--- Your goal ---
The expected output is the full data, repeated exactly, without pictures.

--- Source data ---
══════

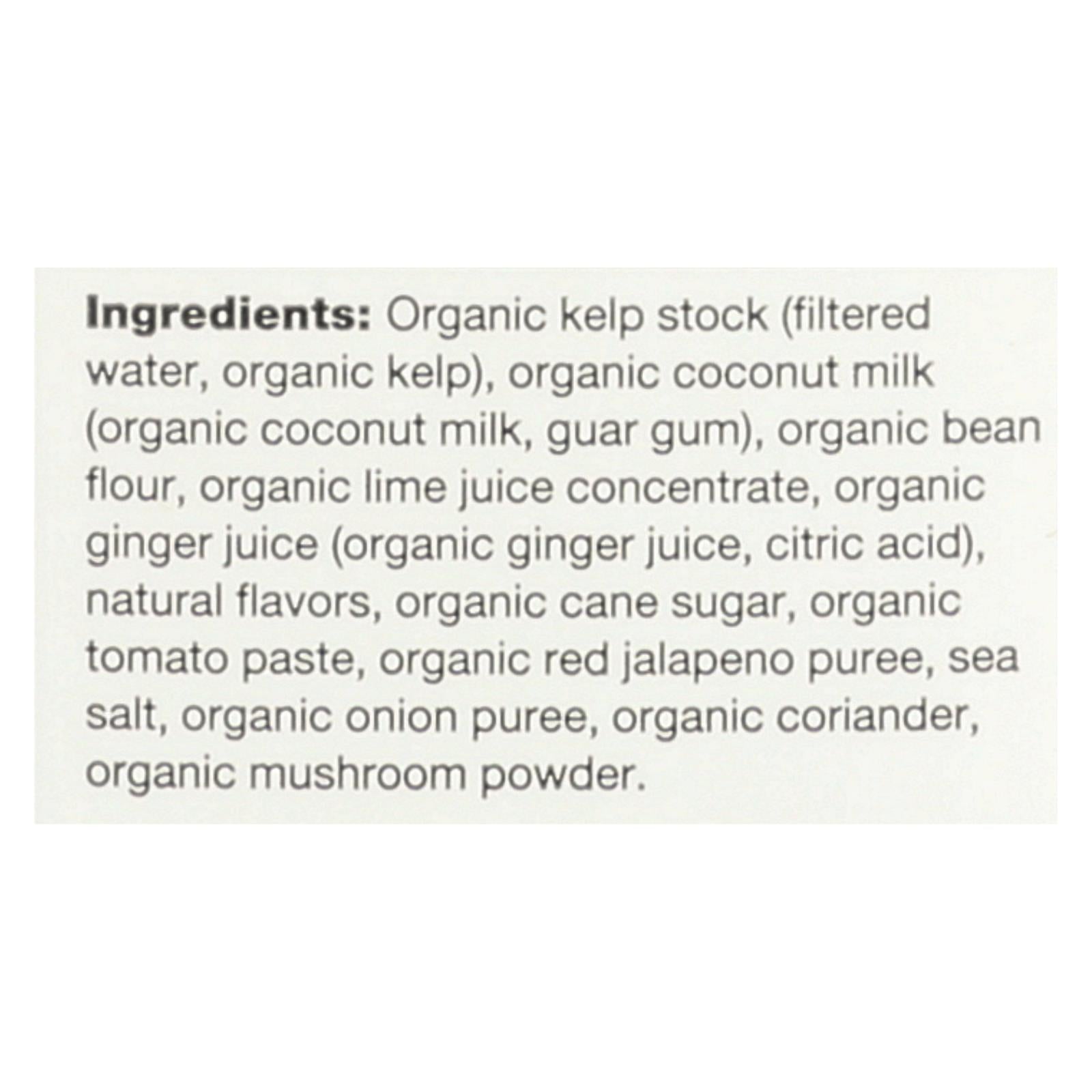ingredients : organic kelp stock;filtered water;organic kelp;organic coconut milk;guar gum;organic bean flour;organic lime juice concentrate;organic ginger juice;citric acid;natural flavors;organic cane sugar;organic tomato paste;organic red jalapeno puree;sea salt;organic onion puree;organic coriander;organic mushroom powder
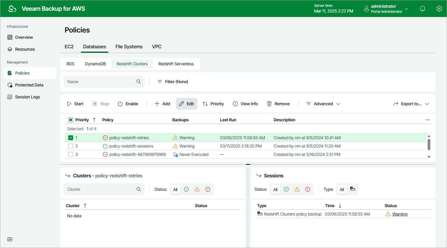 - Switch to the necessary tab and select the backup policy whose settings you want to edit.
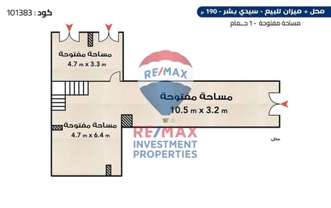 Commercial shop + weighing area for rent, 190 m² - Mohamed Naguib (steps from the sea)

══════

--- Solution to this exercise ---
ingredients : organic kelp stock;filtered water;organic kelp;organic coconut milk;guar gum;organic bean flour;organic lime juice concentrate;organic ginger juice;citric acid;natural flavors;organic cane sugar;organic tomato paste;organic red jalapeno puree;sea salt;organic onion puree;organic coriander;organic mushroom powder
 - Switch to the necessary tab and select the backup policy whose settings you want to edit.
 Commercial shop + weighing area for rent, 190 m² - Mohamed Naguib (steps from the sea)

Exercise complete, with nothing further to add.